We have to think about how the data will be represented and manipulated in an implementation of the algorithm in order to analyze the running time of an algorithm expressed in a high-level fashion. Keep in mind: G-S algorithm terminates in at most (n^2) iterations, and our implementation provides a corresponding worst-case running time of O(n^2), counting actual computational steps rather than simply the total number of iterations.
To attain such a bound, we only need to use two data structures: lists and arrays. In a Stable Matching problem, each man and each woman has a ranking of all members of the opposite gender. We have to ask ourselves which data structures we will use to implement the following:
* How will such a ranking be represented? * Which men and women are free as the algorithm maintains a matching? * Who is matched or engaged with whom?
An algorithm designer choses data structures that make it efficient and easy to implement for their algorithm. In some cases this may involve preprocessing the input to convert it from its given input representation into a data structure that is more appropriate for the problem being solved.
*Focus on a single list, such a s the list of women in order of preference by a single man. Maybe we can use an array A of length n to keep a list of n elements???
Properties of an Array
- Accessing the ith element??? O(1)
- Find an element in an array??? We need to check elements one by one in O(n) time, order is assumed to be unknown.
- If array is sorted? What is the cost of finding if an element e is in the array??? O(log n) using a binary search.
An array is less good for dynamically maintaining a list of elements that changes over time, such as the list of free men in the Stable Matching algorithm; since men go from being free to engaged, and potentially back again. A list of free men needs to grow and shrink during the execution of the algorithm. This is difficult to implement with an array.
Alternatively, to maintain such a dynamic set of elements, we shall use a linked list. A linked list uses pointers that point from the first element to the second and so on. Starting at the first element, we can traverse the entire list in time proportional to its length.
Implementing a Doubly linked list, we need two pointers and two fields: First and Last that point to the first and last elements respectively, and fields element.Next and element.Prev to know which elements precede and proceed a record (element). Inserting and Deleting an element to a doubly linked list (“splicing it in” and “splicing it out”) Figure 2.1 on Page 45 shows how the two modifications can be made.
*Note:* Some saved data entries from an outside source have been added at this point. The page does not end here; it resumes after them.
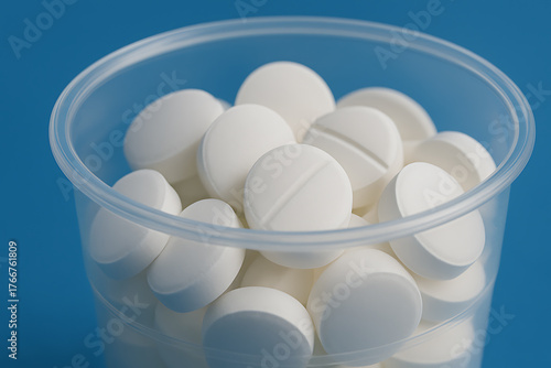 Close-up photo of round white tablets in a clear plastic container against a blue background, symbolizing medicine, health, and pharmaceutical care.
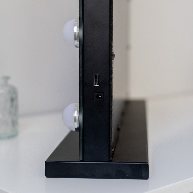 Flamingueo Spiegel Kim Black met 15 Hollywood LED Lights - 58x46x12 cm - 3 Lichtstanden - Touch Knoppen - met USB-uitgang
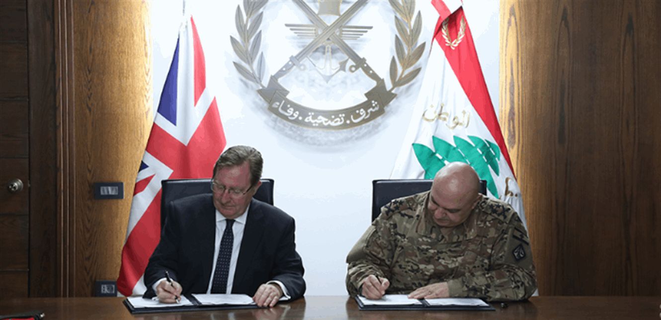 أعلن السفير البريطاني في لبنان هايمش كاول، في بيان عن السفارة، عن "التزام بقيمة 13 مليون جنيه إسترليني لدعم صمود الجيش اللبناني من العام 2022 حتى 2025 وذلك في مذكرة تفاهم وقعت مع قائد الجيش اللبناني العماد جوزاف عون".
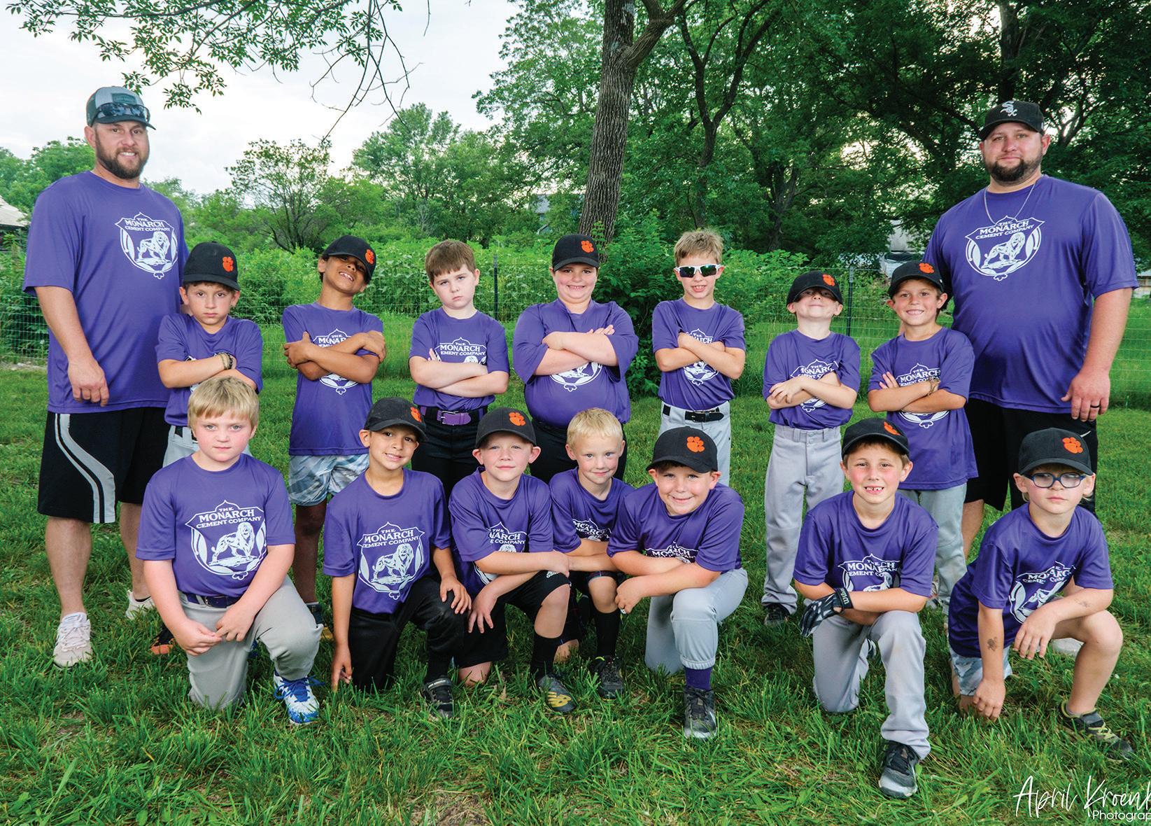 Front row from left, Huck Tidd, Jax Meats, Jett Rice, Jaxen Scheibmeir, Max Stinnett, Jaxson Burns, Hayes Chester, Burke Trammell, Brayson Cox; back row, coaches Tom Stinnett and Andy Chester.
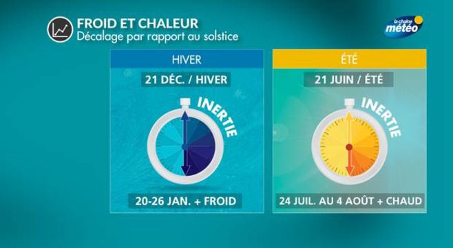 On peut se demander pourquoi la période la plus froide statistiquement intervient plus d'un mois après le solstice d'hiver (21 décembre) alors que les jours rallongent : c'est en raison du temps de réponse de l'atmosphère : il y a un délai de latence appelé "inertie", exactement comme en été, où la période statistiquement la plus chaude intervient fin juillet / début août. (notre illustration).
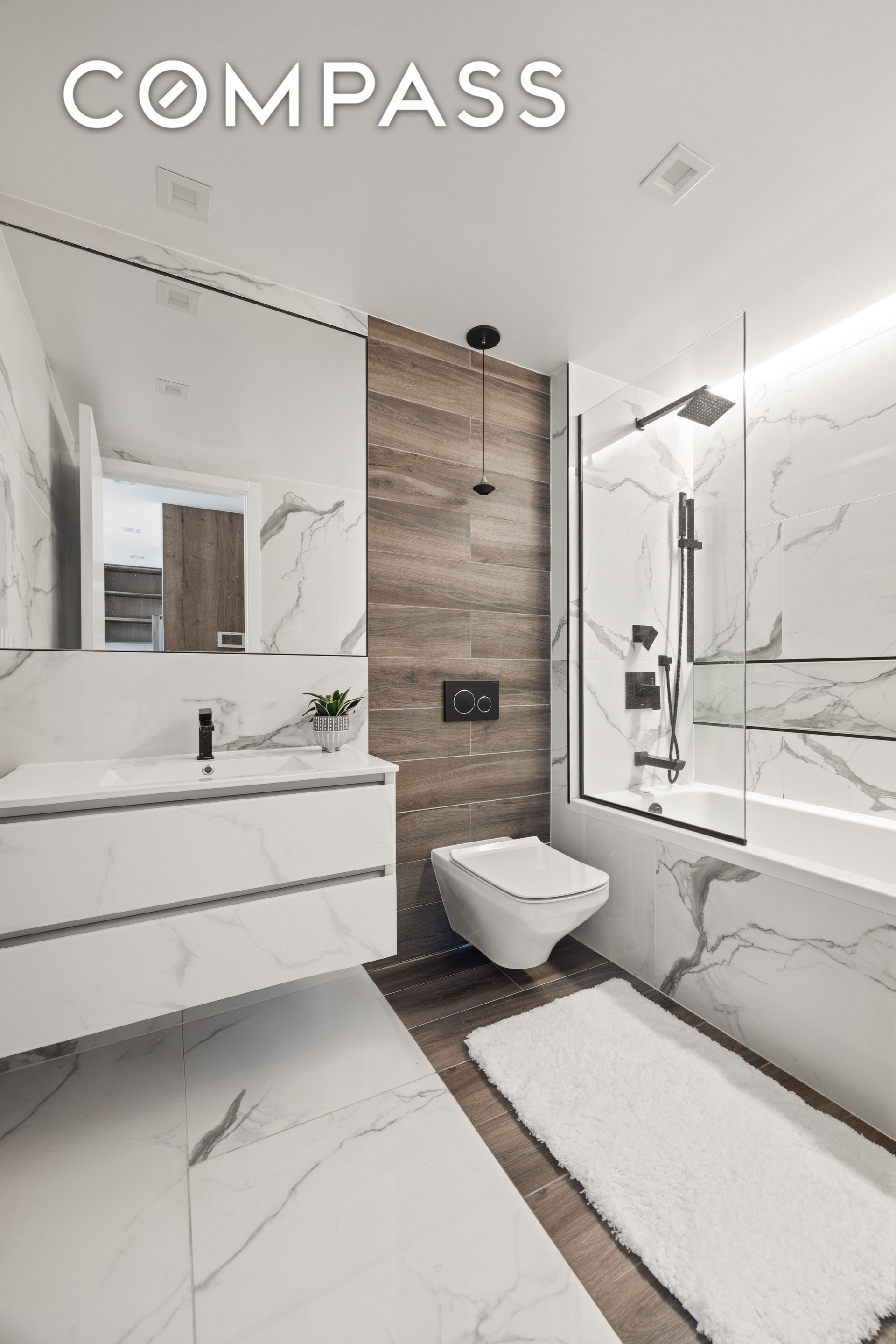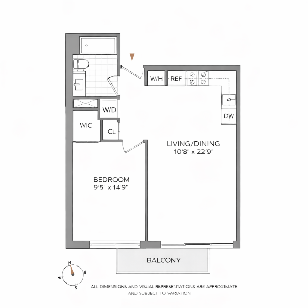 Inside, the apartment features a sunny, south-facing open living and dining area, a sleek contemporary kitchen with generous cabinetry and a full appliance package including a dishwasher, as well as wide-plank wood floors and recessed lighting throughout. The private balcony, accessible from both the living room and the bedroom, offers a lovely spot to enjoy your morning coffee.

While lists are better than arrays in maintaining dynamic changing sets, they also have disadvantages. We cannot find the ith element of the list in O(1) time, we have to traverse the whole list which takes a total of O(i) time.
Given all the relative advantages and disadvantages of arrays and lists, we are able to convert a problem's input from one format to another. In this case it would cost us O(n) time (between arrays and lists). This helps us to freely choose the data structure that suits the algorithm better and not be constrained by the way the information is given.
Implementing the Stable Matching algorithm
Its upper bound running time is O(n^2), thus we need to be able to implement each iteration in constant time.
- N men ,and N women, ordered (say, alphabetically) and associate number i with the ith man or ith woman. This allows us to define an array indexed by all men or all women.
- A preference list for each ma and each woman. We need two arrays one for each. We will use ManPref[m,i] to denote the ith woman on man's preference list. This is also similar t any woman's pref list, WomanPref[w,i], i being the ith man on her prefernece list. the total amount of memory needed to give the preferences for all 2n individuals is O(n^2), as each person has a list of length n.
4 steps of the algorithm we need to do in constant time:
- Identify a free man
- Man identifies highest-ranked woman he has to propose to next
- if woman is engaged, identify her partner
- partner or man who just proposed? (But can we maintain a woman's pref list? ) –> we would have to build an auxiliary data structure at the beginning.
Create an n * n array Ranking, that contains the rank of man in the sorted order of w's preferences. This way comparisons can be made in constant time. Rankings[w,m] vs Rankings[w,m prime].
After all, we acknowledge that the data structures described above allow us to implement the GS algorithm in O(n^2) time.
This section was readable but long, had a trouble a few times analyzing whats going on in steps. Scale: 8/10.